Commit log files follow a specific naming pattern:

CommitLog-<version>-<segment_id>.log

Example: CommitLog-7-1702345678901.log
         │         │ │
         │         │ └── Segment ID (base timestamp + sequence)
         │         └──── Commitlog format version
         └────────────── Prefix
Component Description
CommitLog Fixed prefix identifying the file type
version Commitlog serialization format version.
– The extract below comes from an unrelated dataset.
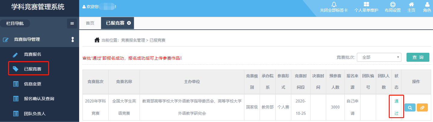 已报名2021年全国大学生英语竞赛(B类、C类)的学生可登录学科竞赛管理系统http://xkjs.cnpigeon.com/“已报竞赛”模块查看报名结果,状态为“通过”表示报名成功。

Changes between major Cassandra releases when the format evolves.
segment_id Unique identifier combining a base timestamp with a sequence number.

Segment ID Generation:

The segment ID is computed as: base_id + sequence_number

Component Description
base_id Set at Cassandra startup to the greater of: current time (milliseconds) or (highest existing segment ID + 1)
sequence_number Atomic counter starting at 1, incremented for each new segment

This approach ensures:

  • Monotonic ordering: IDs always increase, even across restarts
  • Uniqueness: No collisions from rapid segment creation
  • Recovery safety: If existing segments have future-dated IDs (e.g., clock skew), new segments still receive higher IDs
Example startup scenario:

Existing segments: CommitLog-7-1702345678901.log
                   CommitLog-7-1702345678902.log

Current time:      1702345700000 (greater than max existing)
Base ID set to:    1702345700000

New segments:      CommitLog-7-1702345700001.log  (base + 1)
                   CommitLog-7-1702345700002.log  (base + 2)
                   CommitLog-7-1702345700003.log  (base + 3)

Version History:

Version Cassandra Version Notes
6 3.0 - 3.11 Introduced with storage engine rewrite
7 4.0+ Current format
# List commit log segments
ls -la /var/lib/cassandra/commitlog/

# The base timestamp approximates when Cassandra started
# (first segment ID after restart reflects startup time)

Configuration

# cassandra.yaml

# Sync mode determines durability guarantees
# periodic: sync every N milliseconds (default)
# batch: sync after each write batch
commitlog_sync: periodic
commitlog_sync_period_in_ms: 10000

# For batch mode
# commitlog_sync: batch
# commitlog_sync_batch_window_in_ms: 2

# Segment size (default 32MB)
commitlog_segment_size_in_mb: 32

# Directory (should be on fast storage, separate from data)
commitlog_directory: /var/lib/cassandra/commitlog

# Maximum total space for commit log segments
commitlog_total_space_in_mb: 8192

Sync Mode Comparison

Mode Configuration Latency Data Loss Window
Periodic (10s) commitlog_sync: periodic Lowest Up to 10 seconds
Periodic (1s) commitlog_sync_period_in_ms: 1000 Low Up to 1 second
Batch (2ms) commitlog_sync: batch Higher Up to 2ms
Batch (50ms) commitlog_sync_batch_window_in_ms: 50 Medium Up to 50ms

Understanding Filesystem Buffering and fsync

To understand why 10-second periodic sync is acceptable, it is necessary to understand UNIX filesystem architecture.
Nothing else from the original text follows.